Lifestyle Wellness

Spotlight On: Project Dignity of WNC

Helping Fight Period Poverty in WNC

By Emma Castleberry

In 2016, Barbara Morgan got a call from her son in Wichita, Kansas. “He had some mental health and life issues and he was on social service,” says Barbara’s husband, Tom Morgan. Barbara’s son had called to tell his mother that he was out of toilet paper, which can’t be bought with food stamps. In the conversation, he also mentioned that his neighbor Carol had told him she couldn’t buy feminine products with her food stamps. “Barb was just shocked and it wouldn’t go away,” says Tom. “Barb was an extremely spiritual person and she decided that the Holy Spirit wanted to her to pursue this issue.”

“Barb” Barbara Jean Morgan, founder and president of Project Dignity of WNC

Barbara called up her friends and started to spread the word about the often overlooked issue of period poverty. In 2017, Barbara founded Project Dignity of WNC, a nonprofit that partners with social service organizations to provide period products to women and girls who are homeless, low-income or victims of domestic abuse.

In May of 2021, Barbara passed away after a long illness. Her legacy lives on as Tom has moved into a leadership role as president. “While Barb was struggling with her illness, she adopted a meme from the ‘Finding Nemo’ movie and it kept her spirits high,” says Tom. “Nemo’s friend Dory said, ‘When life gets you down, you know what you gotta do? Just keep swimming.’ For the team at Project Dignity, we know period poverty is a real life issue that gets many folks down. That’s why we carry on for Barb and just keep swimming.”

What started off as Barbara with a bag of products and no budget has grown into a robust nonprofit that has more than 450 regular donors. Project Dignity provides pads and tampons to 148 public schools and 59 social service agencies across 10 Western North Carolina counties. “We believe powerfully and strongly that the dignity of the woman who needs this product is paramount,” says vice president and founding member Debbie O’Malley. “Providing this product to them through these agencies helps take away the worry and fear of not being able to purchase or afford product, or going without food as opposed to getting product that they need. Women typically miss work time and girls miss school time if they don’t have access to product.”

While Project Dignity doesn’t have direct contact with their clients, they get consistent feedback from their partners that this is a vital service. “One agency that deals with low-income women, a local food pantry, said the women have come and thanked them because they don’t have to cut up their old clothes for rags anymore,” says O’Malley. “This is 2021. That should not be.”

In the schools, administrators have noticed that the attendance of female students has improved since period products have been provided to them. “If they start in school, they don’t have to leave to get product,” says O’Malley. “If they have an accident they can take care of it at the nurse.

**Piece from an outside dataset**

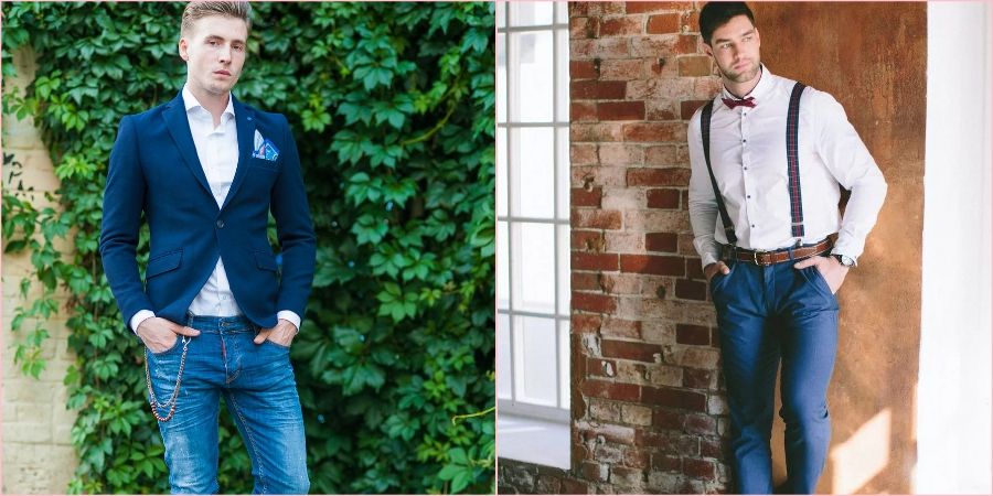 Еще один модный и современный мужской образ – это брюки и пиджак, сшитые из разного материала, который может отличаться цветом, фактурой или стилем.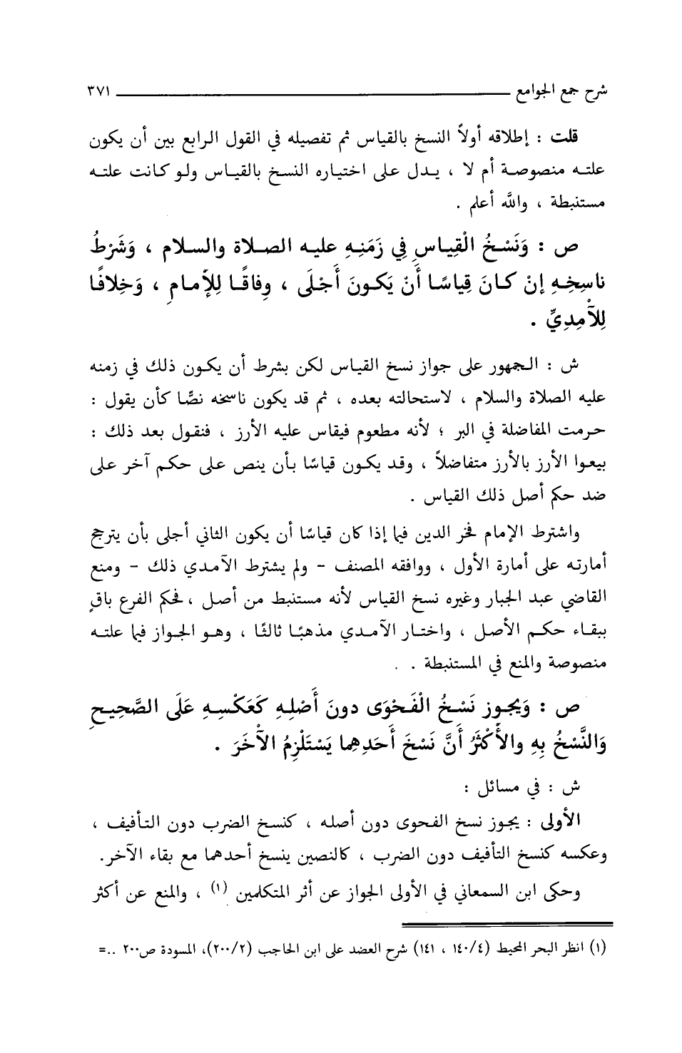 واشترط/الإمام فخر الدين فيما إذا كان قياسا أن يكون الثاني أجلى بأن يترجح أمارته على أمارة الأول، ووافقه المصنف – ولم يتشرط الآمدي ذلك – ومنع القاضي عبد الجبار وغيره نسخ القياس لأنه مستنبط من أصل، فحكم الفرع باق ببقاء حكم الأصل، واختار الآمدي مذهبا ثالثا، وهو الجواز فيما علته منصوصة والمنع في المستنبطة.

It has affected attendance of classes and even at sports programs.”

If you’re surprised to learn that period products aren’t covered by food stamps, you’re not alone. “This issue is not being addressed at any level of government,” says Tom, “and people just don’t have an awareness of it. That’s our biggest mission. We’ll handle local logistics, but we need better awareness about period poverty.”

In an effort to improve welfare coverage for pads and tampons, Tom says he’s often hit a wall. “Trying to get people excited about a product that nobody wants to talk about is really tough,” he says. “The food stamp program is a massive rock to push up the hill to try to change it.”

Some states, including California and Massachusetts, have made period products exempt from sales tax. In other countries such as Scotland and New Zealand, the products are now freely available in public places. But for now, in most parts of the US and especially in WNC, operations like Project Dignity are the only hope for women who can’t afford pads and tampons.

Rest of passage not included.